The frontal occlusal photo required the patient to expose the maximum number of teeth and gums and could be assisted by common objects. The upper teeth photo required the patient to open the mouth as much as possible and take a picture of the maxillary dentition. The patient was required to lie as flat as possible, with the maxillary occlusal surface at 90–120° to the floor after opening the mouth. The handpiece was held as low as possible, depressed or held upside down, and the full maxillary arch was photographed from the bottom up. The patient’s head was lowered slightly and their thumb and index finger were held slightly apart at the corner of the mouth while the handpiece was held diagonally upwards towards the bottom. For patients with smaller mouth openings, one photo of each of the right- and left-side teeth could also be taken. No pre-setting of lighting conditions, resolution, exposure, and other jumps in the photographic process were made for this study; all images were obtained by the device in the conventional photographic mode. In order to approximate the image effect in real-life scenarios, all images were captured using a smartphone and without professional equipment such as reflectors (Figures 1,2).

Figure 1 Primary caries collected by mobile phone (arrows).

Figure 2 Secondary caries collected by mobile phone (arrow).

Photo information and tagging software

The images were collected in JPG format, with a size of 1–33 Mb.

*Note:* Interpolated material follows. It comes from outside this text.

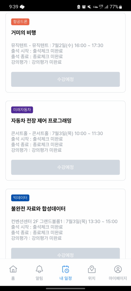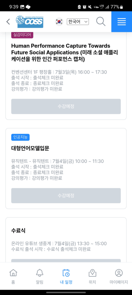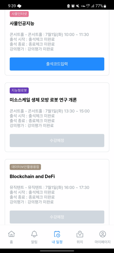 전용 앱으로 출석 시작, 종료 코드를 입력하면 수강이 되는 형태예요. (출튀하기 최적화 된 읍읍)
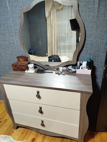 - Komod və güzgü: 3 çekmecəli komod, üst tabla və yan tərəflər tünd ağac rəngində, ön panellər krem; dekorativ metal tutacaqlar. Üstündə iri dekorativ çərçivəli güzgü.

A total of 640 images were collected, and the image annotation software LabelImg (labelImg.1.8.4. November 2020. Tzu Ta Lin. https://pypi.org/project/labelImg/1.8.4/.10/12/2020) as used to annotate the caries in the image data (Figure 3).

Figure 3 The effect of LabelImg software labelling the caries in a photograph of the mouth, with a green box marking the position of the caries in the image.

Methodology

Firstly, all collected oral images were labelled for dental caries using LabelImg software; secondly, 570 of the images were expanded to 3,990 using the data augmentation technique and the data set was divided into a training set and a test set according to a certain ratio. The training set contained 3,990 images from 570 volunteers, while the test set contained 70 images from 70 volunteers. We ensured that the 2 subsets, the divided dataset and the test set, were mutually exclusive. Finally, the experiment was divided into 3 parts: the first part used the 3,990 images from the 570 images as the original group, the model was trained using the YOLOv3 algorithm, and test the model was trained using the independent test set; the second part used the image enhancement technique to enhance the images as the original group while keeping the number of images in the original group unchanged. In the third part, the original group data and the enhancement group data were mixed to form the comprehensive group, and the comprehensive group data set consisted of 7,980 images.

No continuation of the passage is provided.